### Prompt
What you return should match the listing exactly, minus its images.

### Supplied information

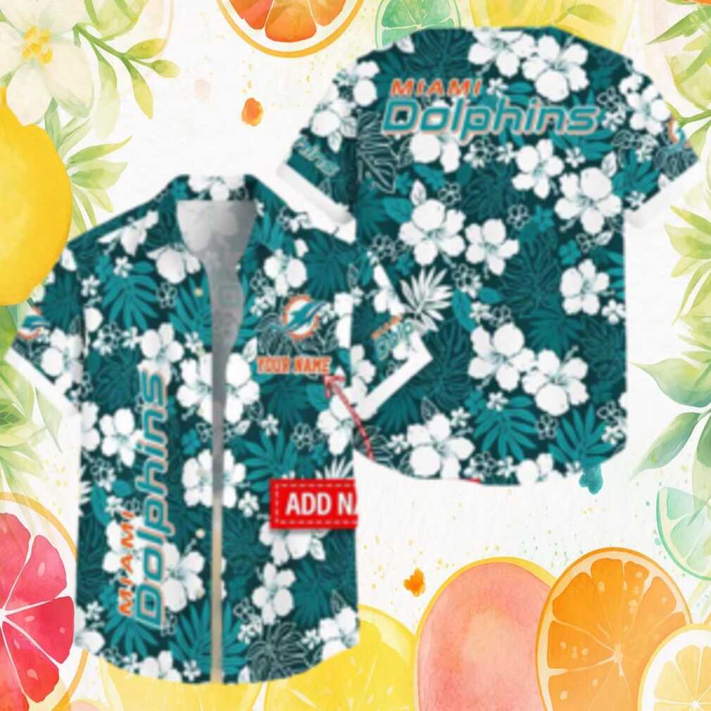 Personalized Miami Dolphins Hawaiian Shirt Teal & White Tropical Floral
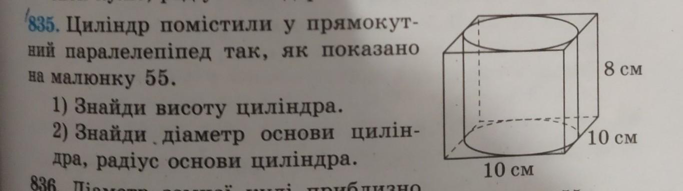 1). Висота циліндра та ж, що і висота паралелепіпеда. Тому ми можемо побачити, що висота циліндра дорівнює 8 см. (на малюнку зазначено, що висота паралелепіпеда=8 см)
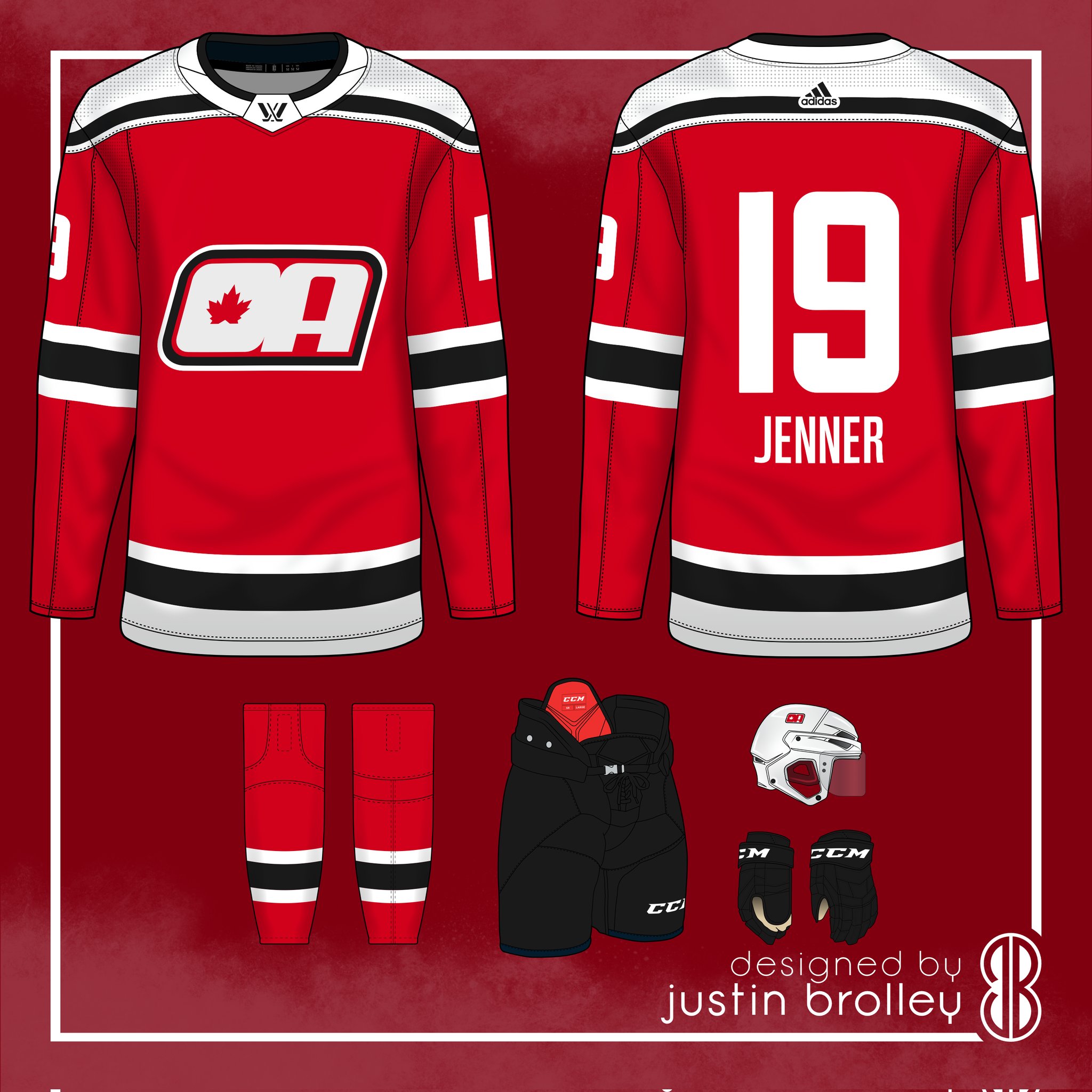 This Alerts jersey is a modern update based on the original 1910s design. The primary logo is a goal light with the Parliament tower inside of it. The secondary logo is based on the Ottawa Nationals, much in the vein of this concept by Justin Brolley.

### Response to this exercise
 Personalized Miami Dolphins Hawaiian Shirt Teal & White Tropical Floral
 1). Висота циліндра та ж, що і висота паралелепіпеда. Тому ми можемо побачити, що висота циліндра дорівнює 8 см. (на малюнку зазначено, що висота паралелепіпеда=8 см)
 This Alerts jersey is a modern update based on the original 1910s design. The primary logo is a goal light with the Parliament tower inside of it. The secondary logo is based on the Ottawa Nationals, much in the vein of this concept by Justin Brolley.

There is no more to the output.